Деревня была маленькая — тридцать дворов. Да и то еще разрослась за военное время; раньше на этом месте была лишь заимка деда Пелагеи — угрюмого, прожившего что-то около ста лет пасечника Луки. Откуда и как он сюда попал — никто толком не знал. Много в те поры тянулось в эти края беглого люда. За молочными реками, за кисельными берегами брел народ из безземельных российских губерний. Алтайская глухомань казалась обетованной, ласковой землей. Для сохранности от поборов и тягот забивались в самые что ни на есть углы и тут, матерея, обрастая добром, пускали корни, селились навечно. Шли годы, а над заимками, таежными деревнями только густел хозяйский ситцевый дух, нелюдимый, кержацкий. Это потом они, бородатые, угрюмые хозяева, будут пороть вилами новых незваных пришельцев, спасая от конфискации уже изрядно подопрелые закрома; это они раздуют пламя кулацкого мятежа, пытаясь остановить тягу изголодавшихся крестьян к колхозам. И много еще останется от сгинувших годов на будущее, и потребуются великие труды, чтобы повыветрить, истребить затхлый дедовский дух из этих мест. Понадобятся известковый запах строек, дымные горизонты заводов и фабрик, машинный лязг колхозов и МТС, — и только тогда дрогнет старина, отступая, стушевываясь и погибая. И все же многим еще будет разниться эта далекая окраина большой страны, несмотря на то, что жизнь идет и новое наступает неодолимо — наступает гравийным трактом Восточного кольца, протянувшимся до самой китайской границы, гудками пароходов, напоминающими теснинным речным верховьям о завтрашнем времени. И поразится, попав сюда, свежий человек: да, велика страна и много на земле еще работы…

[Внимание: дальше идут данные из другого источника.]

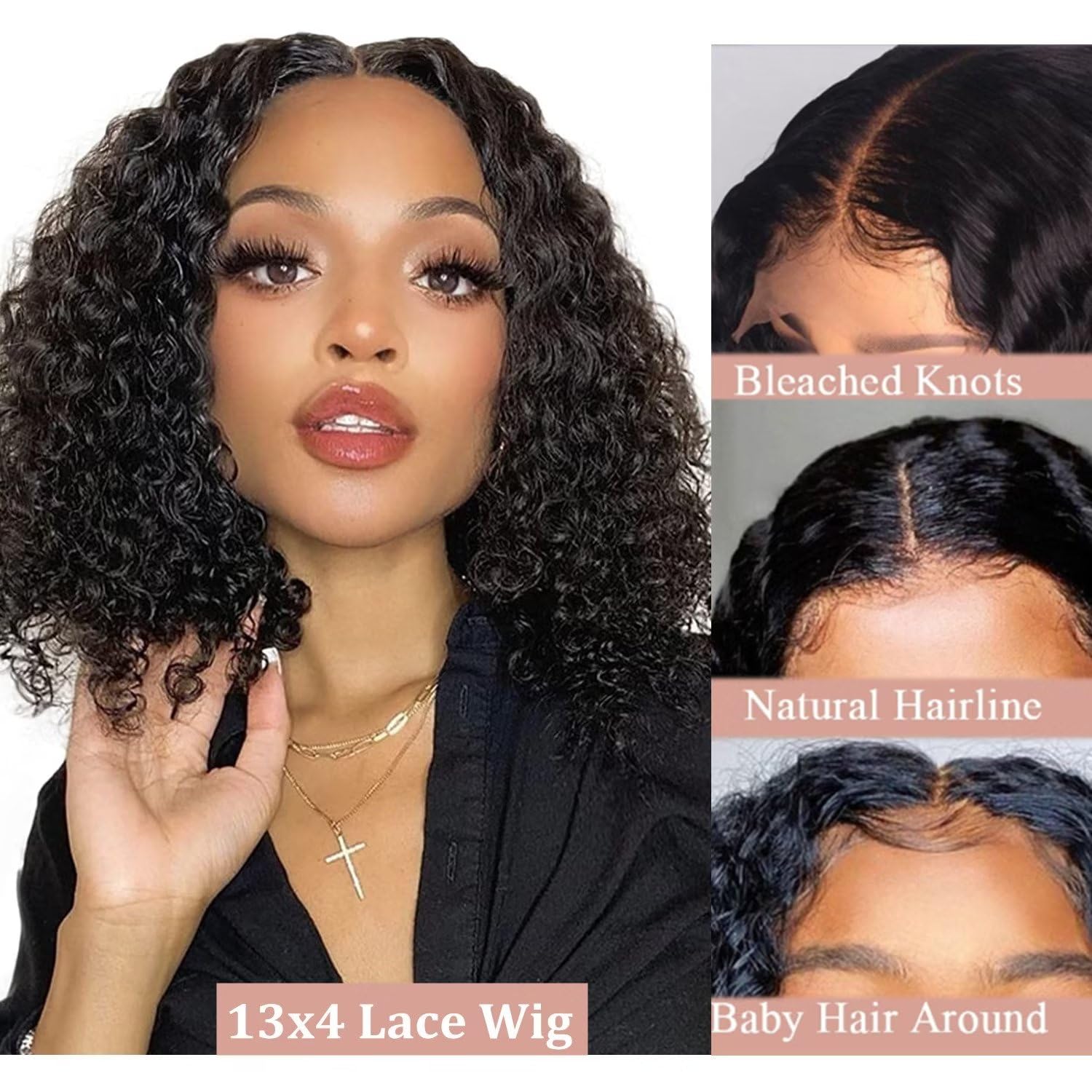 • 🌈【What Will You Get?】13x4 Glueless Bob Curly Human Hair Wig With Pretty Gifts (2 Wig Caps + 1 Pair of 3D Eye Lashes) In Pretty Package.

Задумался Павел: куда же податься было здесь? В артель? Не с его здоровьем. В колхоз?.. Павел озабоченно сокрушался — лучше, конечно, в МТС. Работа бы там ему нашлась, но как-то больно было опять срываться и ехать на новое место, — Павлу, достаточно намотавшемуся по свету, до того согревающим показался уют старой, помнившей еще материнские руки избы.
А жить надо было.
Кладбище кончилось, и Павел с узелком в руках медленно побрел по дороге. Над дорогой, над кустарниками стригли воздух ласточки.
— Павел Данилыч! — внезапно услышал он чей-то знакомый голос и очнулся.
Оглянувшись, даже оторопел: Пелагея! Смущена была и она, — стоя друг против друга, они смотрели и конфузливо смеялись глазами. Пелагея нарядилась празднично, богато. Изменилась она неузнаваемо — цвела пышной бабьей красотой. Но что-то в ней оставалось и от той девчонки, испуганно убежавшей в калитку. Только что?
— Что ж вы, Павел Данилыч, узелок обратно несете? — с неуловимой ноткой заигрывания спросила она.
Павел развел руками, кашлянул.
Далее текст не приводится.